Write out nothing except the lines of the entries below, from the first through the one containing "4.如果张先生计划借入100万元投资某项目,约定在8年内按年利率12%均匀偿还这笔借款,那么每年应偿还本息的金额为( )。 |", exactly and without pictures.
[[ Source information, beginning ]]
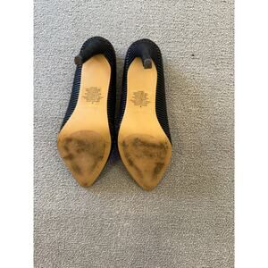 A pair of Express black high‑heel pumps in velvety texture with tonal stripe detailing, pointed toes, and stiletto heels—ideal for sleek, elevated looks. Subtle wear on the soles suggests light prior use.
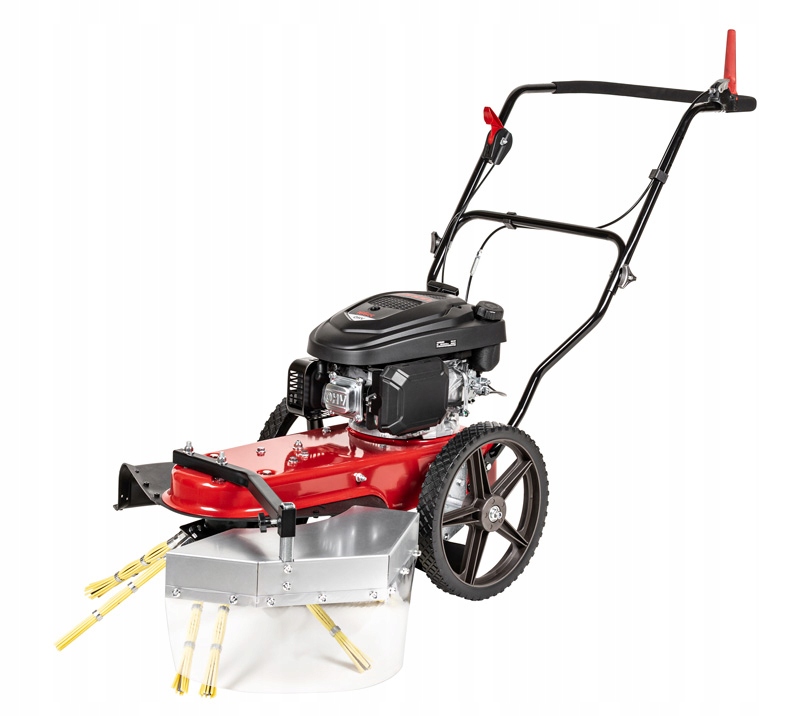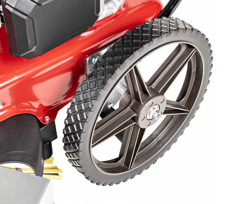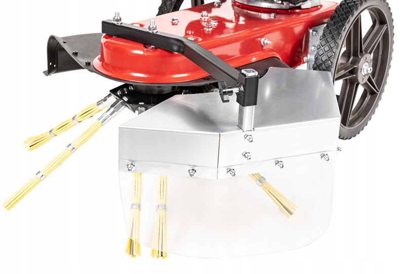 щетки представляют собой комбинацию металлических стержней и пластика, что обеспечивает очень высокое качество работы. Большие подшипники будут способствовать маневрированию сорняка. Крышка слева от кисти предназначена для ловли примесей, летящих из -под рабочего устройства.
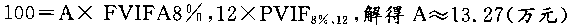 | 4.如果张先生计划借入100万元投资某项目,约定在8年内按年利率12%均匀偿还这笔借款,那么每年应偿还本息的金额为( )。 |
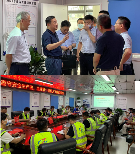 当日,适逢建设集团邀请专家对项目参建人员开展题为《落实企业安全生产主体责任 当好第一责任人》的安全教育讲座,高平处长一行走进讲座现场,与专家交流企业安全生产的工作要点和注意事项,并勉励与会人员牢记安全生产规章制度,坚持安全第一理念。
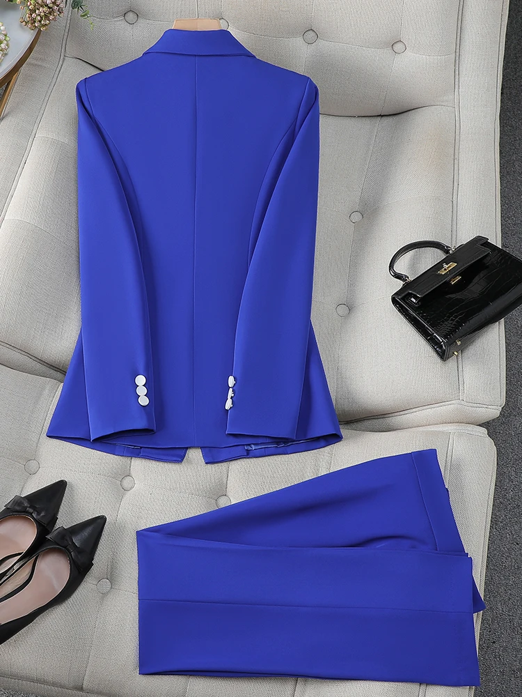 S-8XL Ladies Formal Pant Suit 2 Piece Set Women Female Long Sleeve Triple Breasted Business Work Wear Blazer Jacket And Trouser
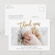 Cartão Postal Simples Fotografia de Bebê em Script Dourado Obrig
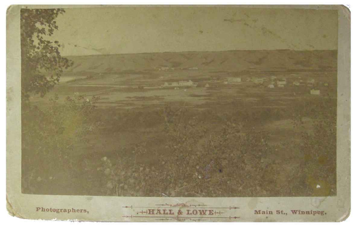 Photograph looks out over a flat expanse of landscape and cluster of buildings in the distance. Fort Qu'Appelle is a town in southern Saskatchewan, Canada "located in the Qu'Appelle Valley 70 KM NE of Regina between Echo and Mission Lakes". It was originally established in 1864 as a Hudson's Bay Company trading post. in 1882 Hall took on Lowe as a partner in his photo studio in Winnipeg. Hall & Lowe advertised “Indian photos (taken from life), Xmas cards, views of Winnipeg” as well as images of horses, cattle, machinery, and buildings. But they did not confine themselves to taking studio portraits and landscapes around Winnipeg. In 1883 they also took pictures along the Canadian Pacific Railway line east and west (presumably it was on one of these trips that this photo was taken). In 1884 Hall took a trip out west and by the following year both men had left Winnipeg. In 1885 Lower had established a branch of their operation in Victoria, BC. In 1887 Hall opened a new studio at Vancouver. Their partnership dissolved in May 1892, when Hall became the sheriff of Vancouver.
[[ Source information, end ]]
### Reply:
 A pair of Express black high‑heel pumps in velvety texture with tonal stripe detailing, pointed toes, and stiletto heels—ideal for sleek, elevated looks. Subtle wear on the soles suggests light prior use.
 щетки представляют собой комбинацию металлических стержней и пластика, что обеспечивает очень высокое качество работы. Большие подшипники будут способствовать маневрированию сорняка. Крышка слева от кисти предназначена для ловли примесей, летящих из -под рабочего устройства.
 | 4.如果张先生计划借入100万元投资某项目,约定在8年内按年利率12%均匀偿还这笔借款,那么每年应偿还本息的金额为( )。 |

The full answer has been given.